Las cajas nido y refugios artificiales son herramientas sencillas y eficaces para favorecer la fauna autóctona en entornos restaurados. La pérdida de arbolado maduro y edificaciones tradicionales ha reducido notablemente la disponibilidad de huecos naturales para la nidificación de aves y el refugio de murciélagos, dos grupos esenciales para el equilibrio ecológico.
En las parcelas de Casa Colorada y San Gaspar se instalan cajas nido adaptadas a distintas especies de aves insectívoras y cavernícolas, como herrerillos, carboneros, colirrojos o mochuelos, con el fin de favorecer su establecimiento y contribuir al control biológico de insectos.
Paralelamente, se colocan refugios específicos para murciélagos en zonas adecuadas por su orientación y temperatura, ofreciéndoles lugares seguros de descanso y cría.
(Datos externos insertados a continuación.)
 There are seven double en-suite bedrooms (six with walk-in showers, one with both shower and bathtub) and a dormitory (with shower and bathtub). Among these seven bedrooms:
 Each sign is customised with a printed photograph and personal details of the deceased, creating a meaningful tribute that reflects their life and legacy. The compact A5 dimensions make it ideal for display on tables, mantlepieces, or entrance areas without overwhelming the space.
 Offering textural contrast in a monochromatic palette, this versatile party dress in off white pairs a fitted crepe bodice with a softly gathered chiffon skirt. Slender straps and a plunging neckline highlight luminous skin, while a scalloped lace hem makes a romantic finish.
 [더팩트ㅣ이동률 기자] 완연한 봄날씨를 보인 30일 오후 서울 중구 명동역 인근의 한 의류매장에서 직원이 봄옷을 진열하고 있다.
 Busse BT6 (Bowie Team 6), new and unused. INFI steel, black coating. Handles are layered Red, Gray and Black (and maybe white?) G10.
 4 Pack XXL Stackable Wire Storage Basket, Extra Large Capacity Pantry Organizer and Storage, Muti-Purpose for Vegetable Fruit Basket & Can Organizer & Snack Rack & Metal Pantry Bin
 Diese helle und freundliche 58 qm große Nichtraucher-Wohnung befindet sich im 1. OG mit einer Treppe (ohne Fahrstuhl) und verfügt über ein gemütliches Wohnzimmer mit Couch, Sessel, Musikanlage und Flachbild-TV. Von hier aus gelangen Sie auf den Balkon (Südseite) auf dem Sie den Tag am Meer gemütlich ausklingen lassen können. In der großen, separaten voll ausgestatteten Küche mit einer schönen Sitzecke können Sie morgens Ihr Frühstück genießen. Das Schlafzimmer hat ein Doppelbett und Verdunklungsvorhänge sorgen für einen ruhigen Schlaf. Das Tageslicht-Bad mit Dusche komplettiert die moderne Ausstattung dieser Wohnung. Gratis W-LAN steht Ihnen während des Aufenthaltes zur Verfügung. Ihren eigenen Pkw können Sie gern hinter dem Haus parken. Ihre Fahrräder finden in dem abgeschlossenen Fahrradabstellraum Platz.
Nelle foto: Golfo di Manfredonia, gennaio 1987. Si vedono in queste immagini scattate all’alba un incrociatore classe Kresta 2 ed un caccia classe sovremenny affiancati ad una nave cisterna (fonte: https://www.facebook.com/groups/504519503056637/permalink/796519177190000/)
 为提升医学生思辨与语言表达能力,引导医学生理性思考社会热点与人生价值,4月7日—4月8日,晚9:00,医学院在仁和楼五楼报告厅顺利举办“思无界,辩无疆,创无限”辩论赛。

Los murciélagos, grandes consumidores de insectos nocturnos, cumplen un papel clave en la regulación de las poblaciones de invertebrados y en el mantenimiento de la salud de los ecosistemas.
El seguimiento anual de la ocupación de las cajas y refugios permite evaluar la eficacia de estas medidas y ajustar su diseño y localización para maximizar los beneficios para la biodiversidad local.